Review: “Fall of the Cities: Planting the Orchard”, Vance Huxley

Pros: Love the characters!
Cons: Would have liked a little more explanation or background
Rating: 4 out of 5

I enjoy a good book of apocalyptic/survivalist fiction now and then. Fall of the Cities: Planting the Orchard, by Vance Huxley, is the first one I’ve read that takes place in Britain rather than in America. Somebody has destroyed oil refineries throughout a large portion of the world, leading to quite a few shortages. Harry Miller, an army pay clerk, has just come back from Kuwait, where he had to overcome a block against shooting at actual people in order to save his comrades. The army has been brought back to quell riots all across England. Once they’ve all returned, the government determines that there are too many of them, and suggests early retirement. Harry heads off to help his sister and her kids. Unfortunately by the time he gets there, no one is allowed to leave the city. Harry ends up trying to pull Sharyn and her neighbors together so they can survive the riots and looting.


There are a few fascinating differences between American survivalist fiction and this picture of British post-apocalyptic survivalism. For one, every American tale I’ve come across so far immediately assumes that cash is worthless the moment things go to Hell. In Fall of the Cities: Planting the Orchard, cash is still used as a viable type of currency. Even credit cards are still in use–although as one person noted in the narrative, that didn’t make any sense seeing as phones were only working for local calls. (Huxley never did explain this.) In fact, given how much still seemed to be working, I had a little trouble figuring out why the rioting was so incredibly severe. I would have liked a little more background on that. I’m also surprised that the city retains electric power through everything.

Another difference is that our group of survivors, once they decide to move on before the rioters get to them, move into a neighborhood and engage in a friendly dialogue about whether there’s room for them and whether they’re welcome or not. There are weapons, of course, but not nearly as much threat and paranoia as you’d see in almost any American version. It’s really nice to see people coming to agreements and helping each other in a tale like this. Also, the army isn’t turned into a monolithic bad guy the way it often is in other apocalypse survival books.

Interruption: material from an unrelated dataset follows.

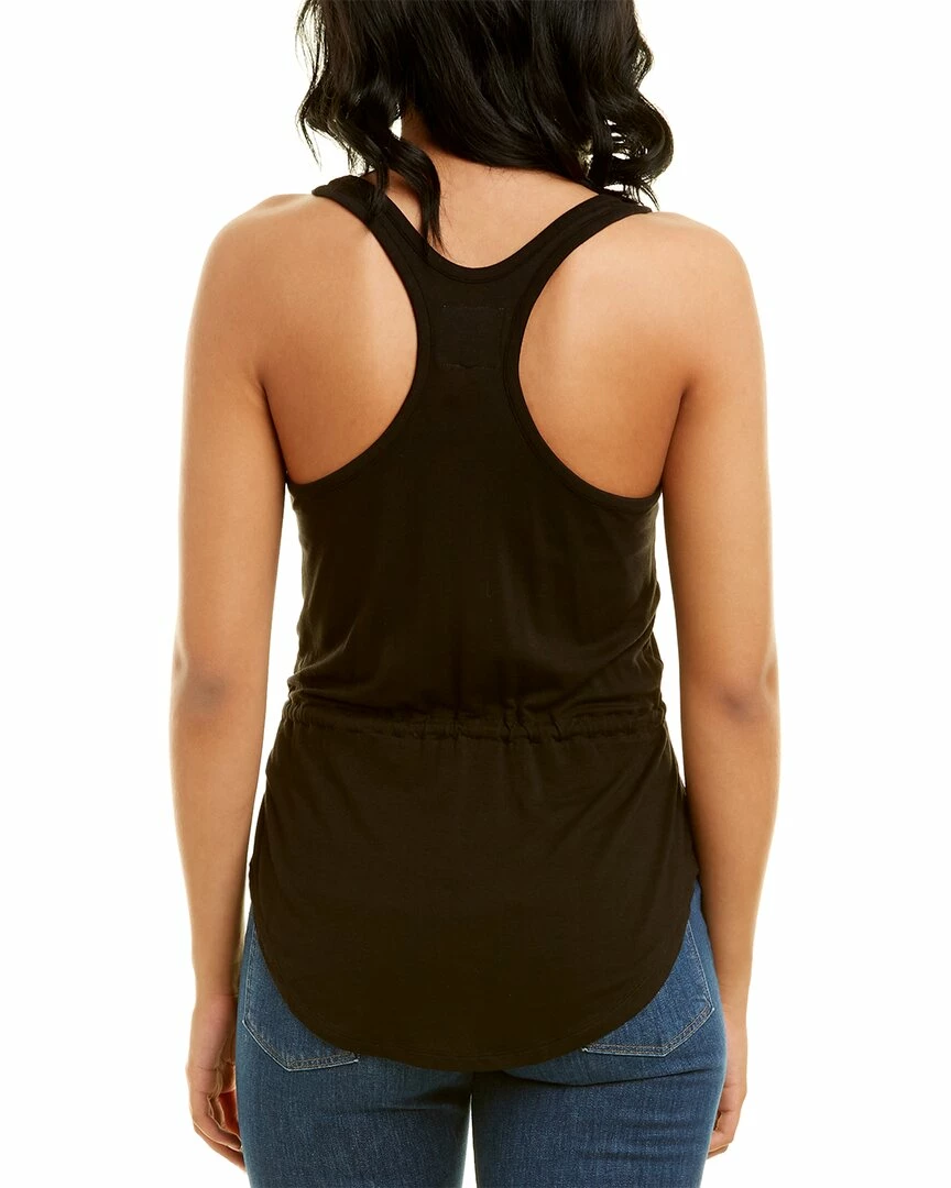 - High-Low Racerback Tank In True Black With V-Neck, Racerback, And Drawstring Peplum Waist
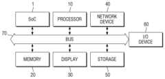 본 발명의 몇몇의 실시예에서, 상기 외부 장치는 메모리 장치, 디스플레이 장치, 네트워크 장치, 스토리지 장치 및 입출력 장치 중 적어도 하나를 포함하고, 상기 SoC는 상기 외부 장치를 제어할 수 있다.In some embodiments of the present disclosure, the external device includes at least one of a memory device, a display device, a network device, a storage device, and an input/output device, and the SoC may control the external device.

Harry is a wonderful character, as are those around him. There’s plenty of personality given to the main characters and even many of the side characters. They develop in-jokes and teasing and all the things you expect from a reasonably-sized community of inadvertent friends. The organized looters/rioters are relatively thin on personality, but we generally see them in context as a mass entity, rather than individuals. In this tale that made sense.

I love that Harry and the others found ways to develop a good relationship with the Army as long as they obeyed a few restrictions. It certainly helped later on. There are also great details such as Harry going out and finding brewers who were afraid of getting robbed or drafted by a mob, and convincing them to come on board with their little neighborhood, making them one of the only places with beer!

There’s plenty of action, and Harry goes through several more rounds of learning to get over things like his fear of leadership, or his distaste for having to harm people. I like that he does it without becoming paranoid and super-violent.

Be aware that there are some very dark things in this narrative. They mostly aren’t shoved into your face and certainly aren’t used for titillation, but it’s easy to see that there are some terrible things going on.

One of the interesting points raised is that of figuring out at what point are you simply trying to survive and doing what you have to, versus when you become a looter and thief. The author doesn’t try to force his definition on us–we get to see his characters bit-by-bit trying to come to terms with what they do and don’t have to do.

I absolutely recommend this book, and look forward to the sequel coming out soon!